Work request —
Starting from the top of the entries below and ending with the line containing "그래서 어떤 준비물을", restate every line word for word, pictures omitted.

+++ Records shown

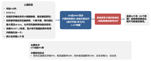 卡瑞利珠单抗是J9集团医药自主研发的一种人源化IgG4单克隆抗体,其联合铂类双药化疗已在中国获批用于晚期NSCLC患者的一线治疗5,6。2023年,Ⅱ期CAP-BRAIN研究显示了卡瑞利珠单抗联合治疗方案作为晚期非鳞状NSCLC伴脑转移患者一线治疗的潜力7。本项Ⅱ期研究,旨在研究卡瑞利珠单抗联合脑放疗和铂类双药化疗在未经治疗的晚期非鳞状和鳞状NSCLC伴脑转移患者中的疗效和安全性。
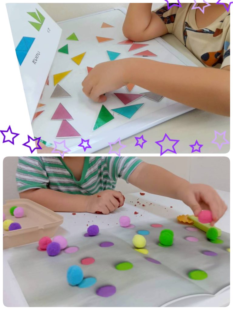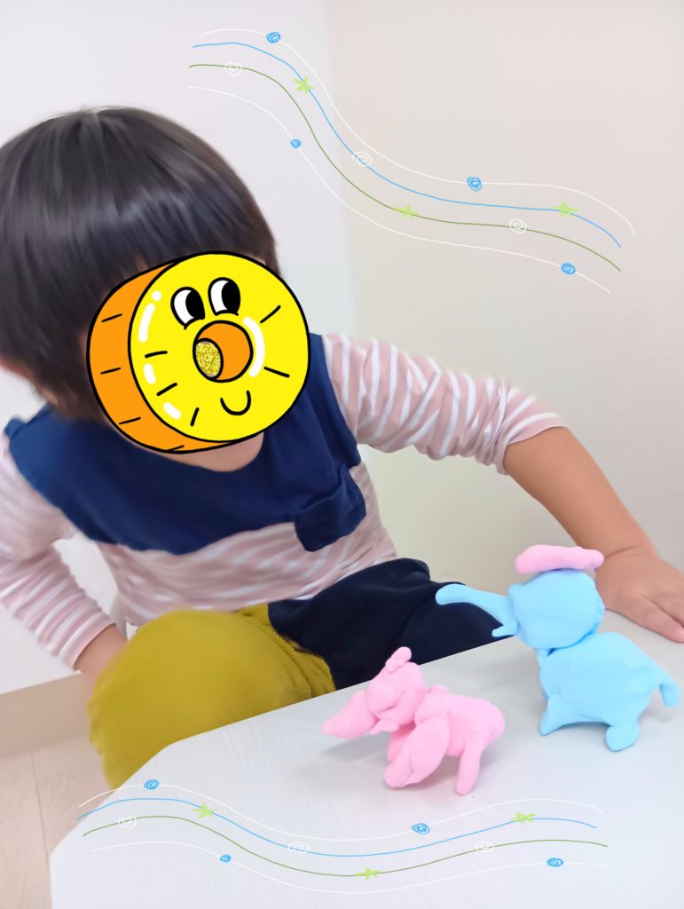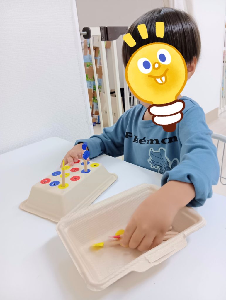 個別学習では支援員との物の貸し借りのやり取りのアプローチを行っています😊支援員が「かして」と言うと渡してくれ、児童が「かして」と言い、支援員が「どうぞ」と伝えると「ありがとう」と伝えることが難しかったため「ありがとうっていうんだよ」と伝えると「ありがとう」と伝えてくれましたよ〜✨️
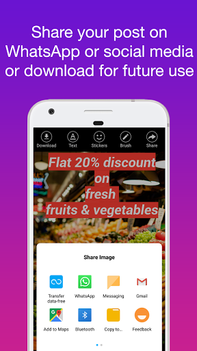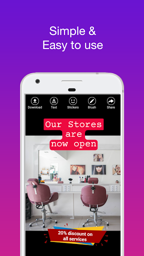 Loved it. I used to make status using different apps like picture editor, sometimes using photoshop or Instagram. But biggest problem was finding images on internet and checking their copyrights. This app has solved all my problems. Searching images is wonderful and now I can download images easily. Super cool feature 😎 And stickers are suited for my business. Thats another cool thing. Good work team. In last 3 days, I have created dozen of posts. My clients are interacting with me so much.
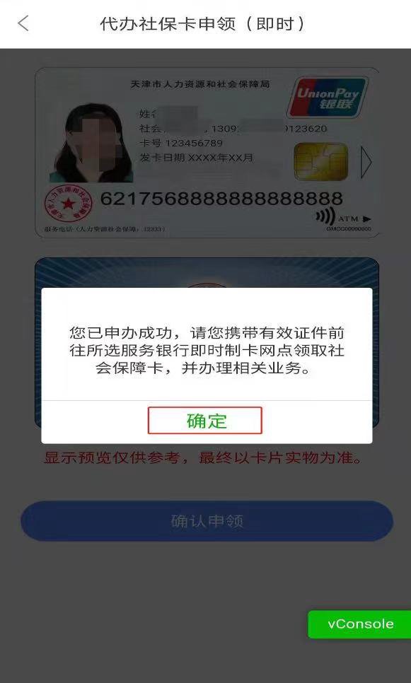 七、显示社保卡正反面信息,点击“确认申领”。
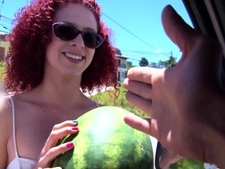 Redhead teen Latina covered in oil for blowjob and fuck
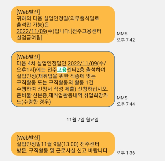 그래서 어떤 준비물을 가지고 출석해야 하는지, 출석해서 어떻게 실업인정을 받게 되는지 알아보겠습니다.3차 실업인정을 인터넷으로 전송하고 나면 이렇게 다음 실업인정일 안내가 문자로 옵니다.
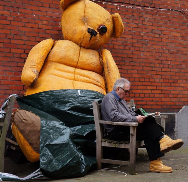 Graham Bolton: "A chance photo taken while having lunch behind St Paul's, also known as the Actors' Church, in Covent Garden, a couple of years ago. The man was busy with his paper and the bear was obviously interested in what he was doing."
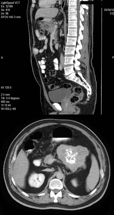 Solid pseudopapillary tumors of the pancreas constitute approximately 1-2% of all exocrine pancreatic tumors [1]. They are rare, and occurs most frequently in young women (90%) [2]. It consists of an indolent group of epithelial neoplasms which frequently undergo hemorrhagic necrosis and subsequent cyst formation [3]. They rarely cause symptoms, and can be located anywhere in the pancreas [4]. Solid pseudopapillary tumors are usually discovered incidentally on computed tomography (CT) or magnetic resonance imaging (MRI) scans and the recommended treatment is a surgical resection because they have a malignant potential [2, 5]. Although solid pseudopapillary tumor is considered an indolent lesion with a low malignant potential and a favorable prognosis after surgical resection, some cases of locally infiltrating and metastatic variety, or recurrences after surgery, have been reported. The occurrence of infiltrating varieties of solid pseudopapillary tumor is very rare [6]. We report a male patient with a locally advanced solid pseudopapillary tumor who underwent distal pancreatectomy, splenectomy and segmentally transverse colon resection. A literature review of infiltrating solid pseudopapillary tumors allowed us to find a little number of patients with locally advanced solid pseudopapillary tumor and few cases with male gender.
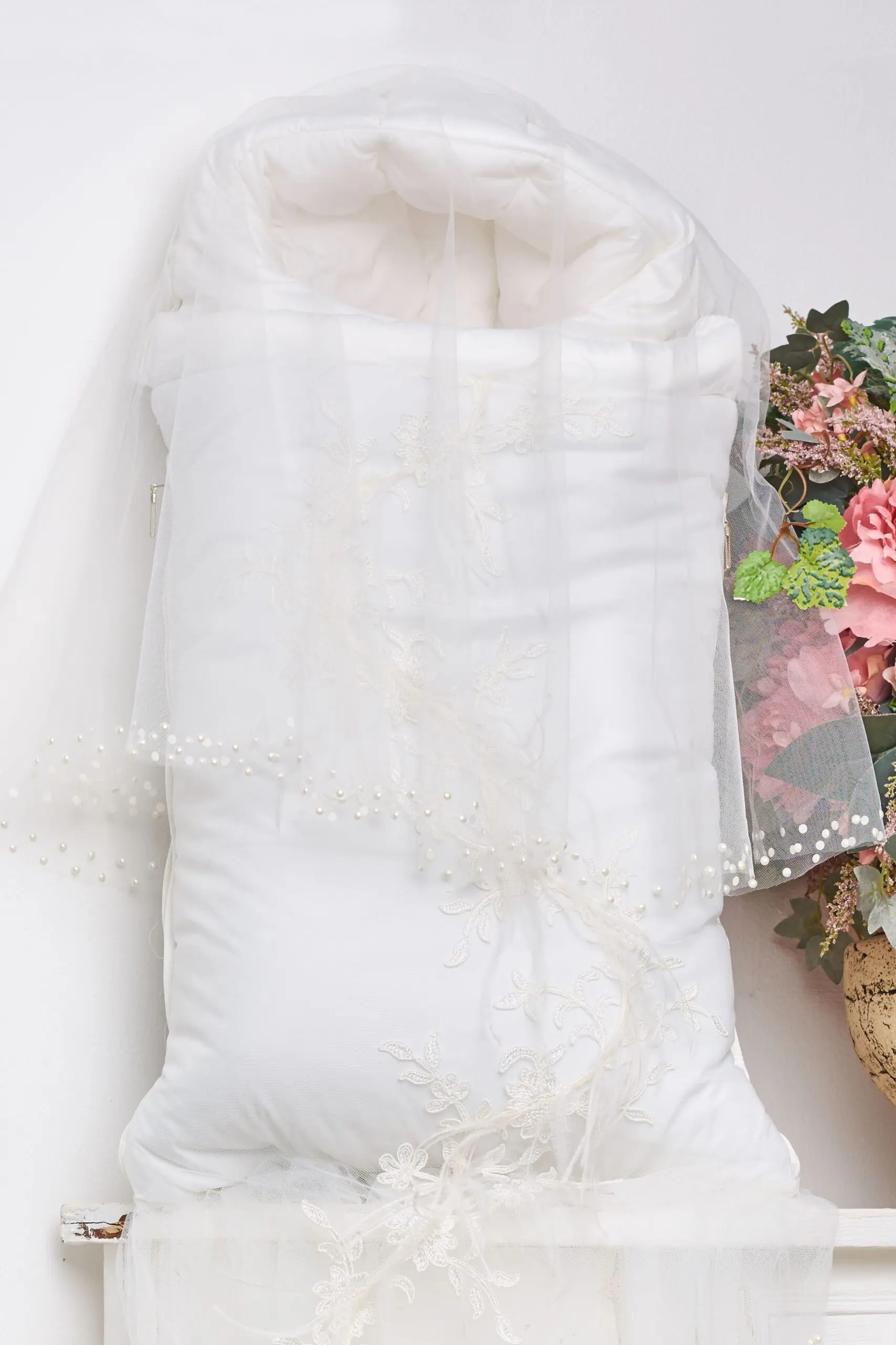 Красивый конверт на выписку с тончайшей длинной вуалью, которую легко можно отстегнуть, если вы собрались прогуляться с коляской. Нижняя часть вуали, словно капельками, украшена жемчугом. Конверт ... и длинный полупрозрачный шлейф украшены вышивкой ручной работы, по которой местами стелются тонкие страусиные перышки. Застегивается этот красивый конверт для выписки на "молнии", защищая вашу кроху от любой непогоды. Подкладка из натурального хлопка обеспечит комфорт малышу, а внешний слой, сочетающий в себе волокна хлопка и шелка, порадует своей нежностью маму.
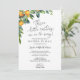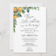 A baby shower by mail invitation is perfect for those that live a long distance from loved ones, but still want to shower the parents to be with love and gifts to prepare her for baby's arrival. This long distance shower by mail invitation features greenery border with orange clementines with the request poem "
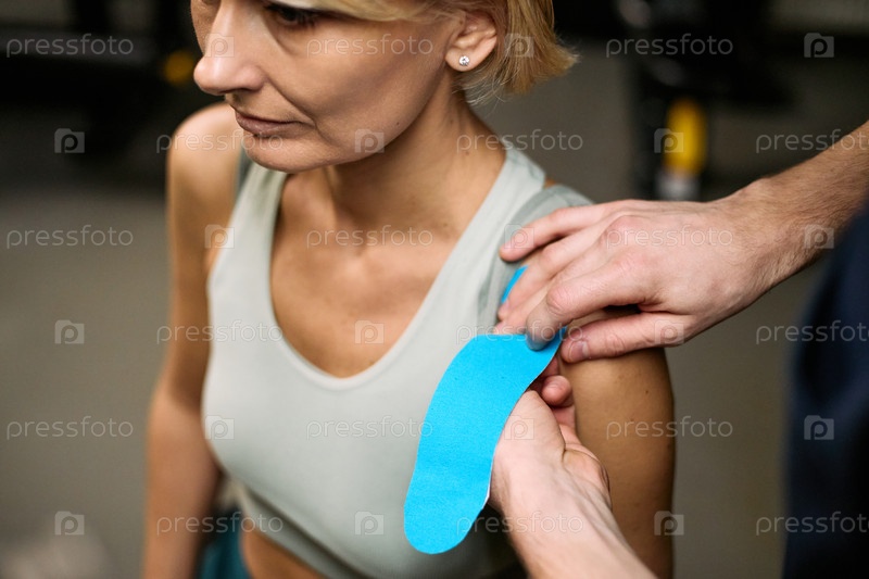 Женщина среднего возраста, получающая приложение кинезиологической ленты во время реабилитации
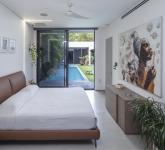 This arrangement maximizes space and privacy and also ensures plentiful natural light. The entrance opens into the courtyard and pool, a central space to which all rooms have access. Each room is equipped with courtyard-facing sliding glass doors, allowing for direct interactions with the rest of the house while preserving the option of privacy.
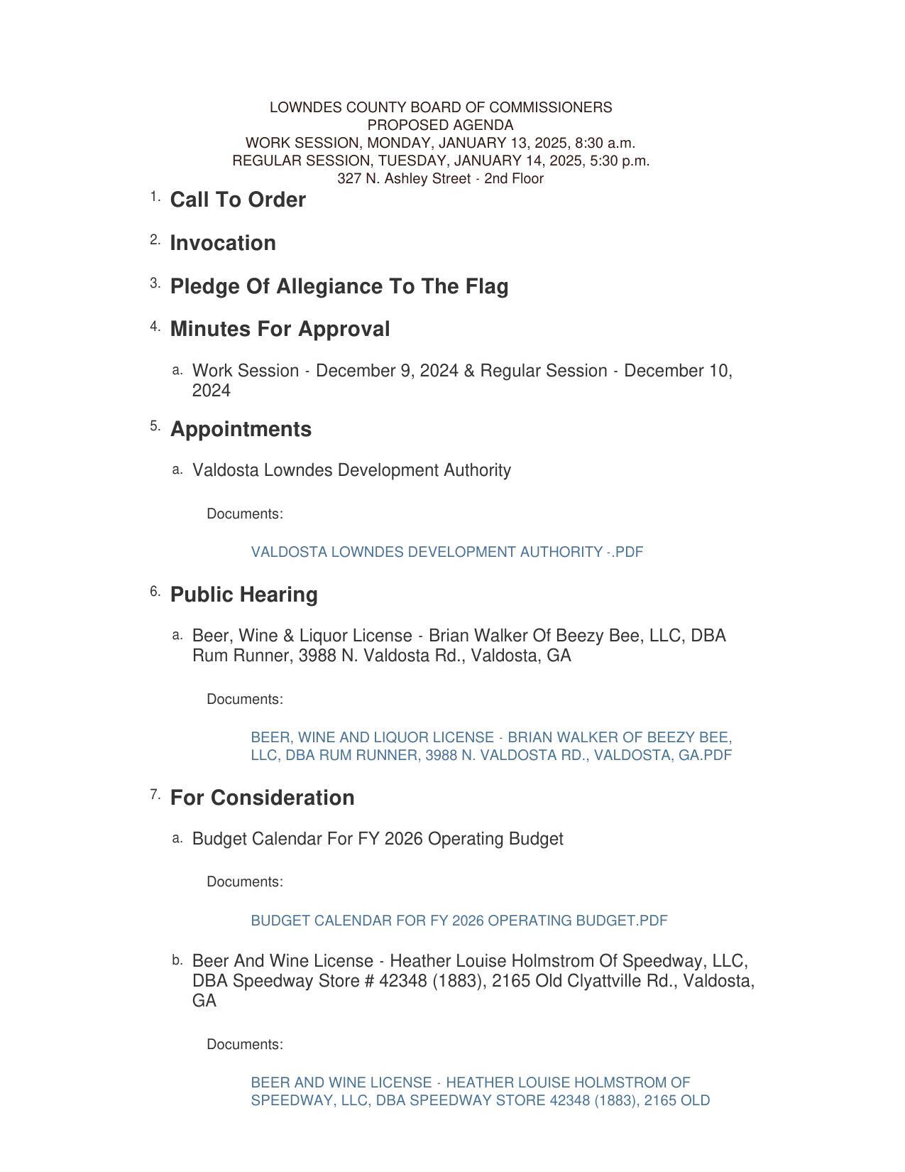 Agenda: Development Authority appointment, VOCA grants, Coleman Road paving, LMIG, Water projects, Windstream @ LCC
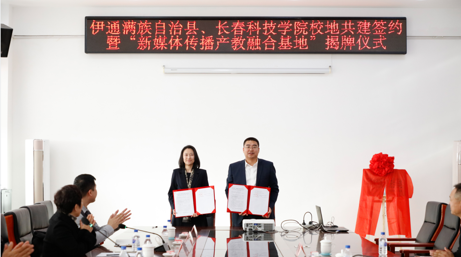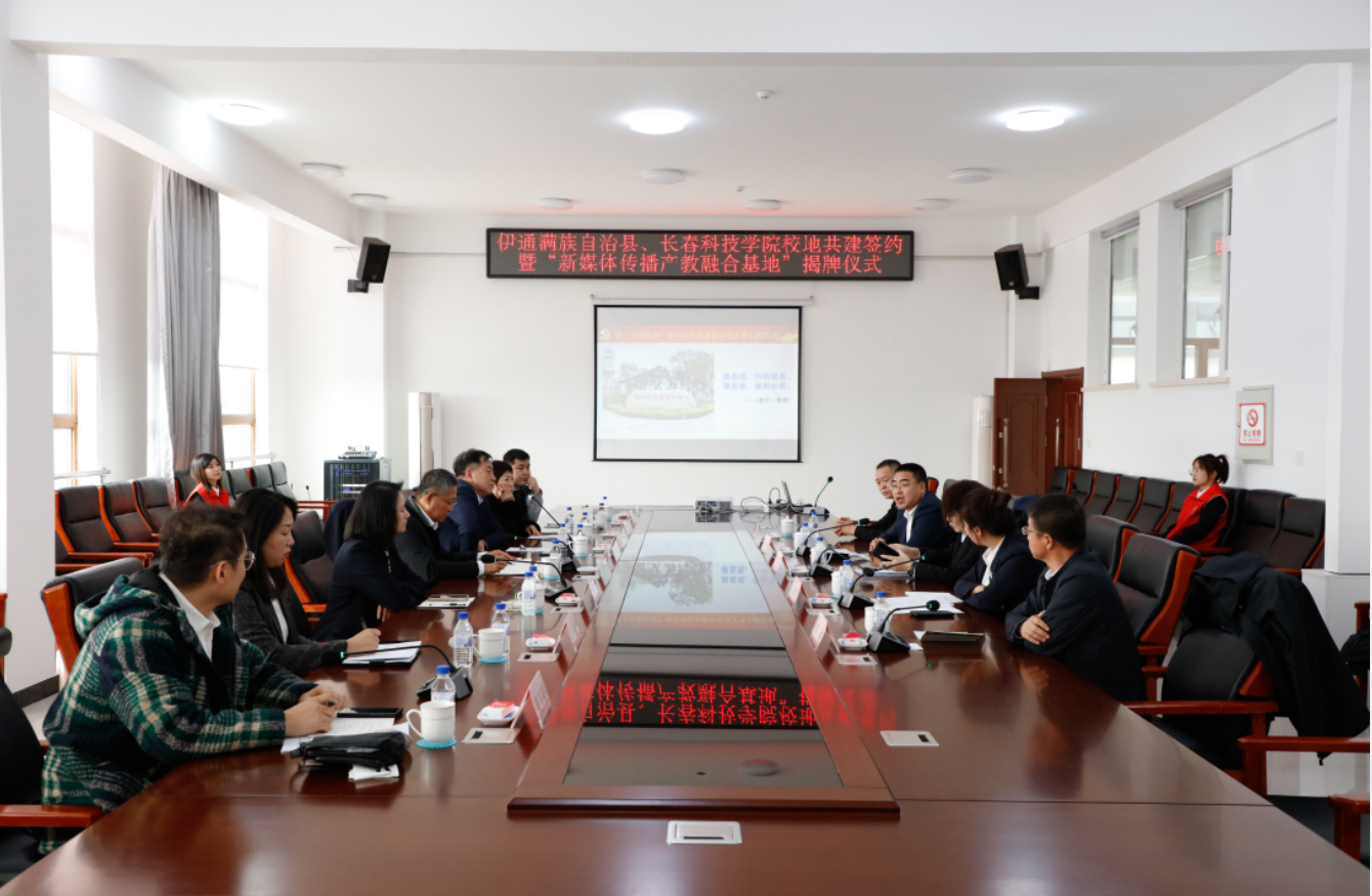 12月8日,长春科技学院与伊通满族自治县校地共建签约暨“新媒体传播产教融合基地”揭牌仪式在伊通满族自治县新时代文明实践中心(县委党校)举行。长春科技学院校长栾立明,副校长张代治,党委副书记、宣传部部长高芳出席活动。伊通满族自治县政协党组书记、主席张亚冰,县委常委、宣传部部长孙大太,县政府副县长胡冰洁,县委宣传部部务委员、文明办主任李和参加活动。长春科技学院语言文化·新媒体学院院领导、网络与新媒体专业师生代表出席活动。会议由县政府副县长胡冰洁主持。
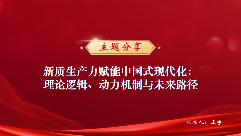 此次分享会由马克思主义学院三位专职教师带来理论分享,首先王宇老师带来以《新质生产力赋能中国式现代化:理论逻辑、动力机制与未来路径》为题的理论研学分享。王老师从理论逻辑、动力机制及其未来路径等方面深度解析了新质生产力赋能中国式现代化的经济、社会和环境三大价值维度。未来,需要构建双支柱举国体制促进技术创新,建立良好的创新环境和创新文化完善组织创新,构建长效的制度创新机制,更好地支持新质生产力的发展。
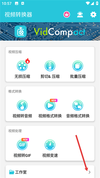 1、在视频转换器主界面,点击底部的【工作室】选项,进入工作室的视频管理页面。
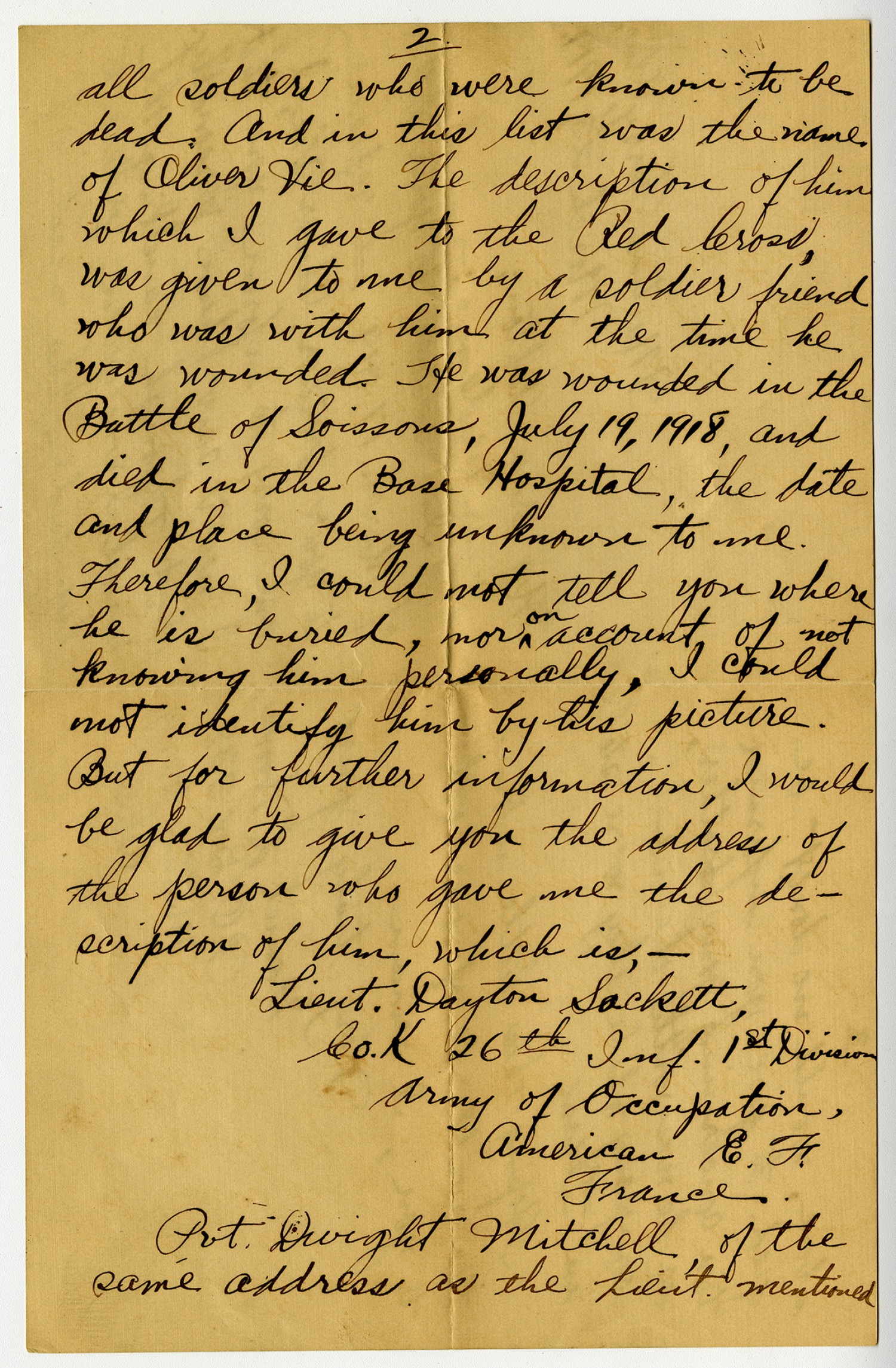 [page 2] all soldiers who were known to be dead. And in this list was the name of Oliver Vie. The description of him which I gave to the Red Cross, was given to me by a soldier friend who was with him at the time he was wounded. He was wounded in the Battle of Soissons, July 19, 1918, and died in the Base Hospital, the date and place being unknown to me. Therefore, I could not tell you where he is buried, nor an account of not knowing him personally, I could not identify him by this picture. But for further information I would be glad to give you the address of the person who gave me the description of him, which is, - Lieut. Dayton Sockett, Co. K 26th Inf. 1st Division Army of Occupation, American E. F. France Pvt. Dwight Mitchell, of the same address as the Lieut. mentioned

++++++

Result of this exercise —
 卡瑞利珠单抗是J9集团医药自主研发的一种人源化IgG4单克隆抗体,其联合铂类双药化疗已在中国获批用于晚期NSCLC患者的一线治疗5,6。2023年,Ⅱ期CAP-BRAIN研究显示了卡瑞利珠单抗联合治疗方案作为晚期非鳞状NSCLC伴脑转移患者一线治疗的潜力7。本项Ⅱ期研究,旨在研究卡瑞利珠单抗联合脑放疗和铂类双药化疗在未经治疗的晚期非鳞状和鳞状NSCLC伴脑转移患者中的疗效和安全性。
 個別学習では支援員との物の貸し借りのやり取りのアプローチを行っています😊支援員が「かして」と言うと渡してくれ、児童が「かして」と言い、支援員が「どうぞ」と伝えると「ありがとう」と伝えることが難しかったため「ありがとうっていうんだよ」と伝えると「ありがとう」と伝えてくれましたよ〜✨️
 Loved it. I used to make status using different apps like picture editor, sometimes using photoshop or Instagram. But biggest problem was finding images on internet and checking their copyrights. This app has solved all my problems. Searching images is wonderful and now I can download images easily. Super cool feature 😎 And stickers are suited for my business. Thats another cool thing. Good work team. In last 3 days, I have created dozen of posts. My clients are interacting with me so much.
 七、显示社保卡正反面信息,点击“确认申领”。
 Redhead teen Latina covered in oil for blowjob and fuck
 그래서 어떤 준비물을 가지고 출석해야 하는지, 출석해서 어떻게 실업인정을 받게 되는지 알아보겠습니다.3차 실업인정을 인터넷으로 전송하고 나면 이렇게 다음 실업인정일 안내가 문자로 옵니다.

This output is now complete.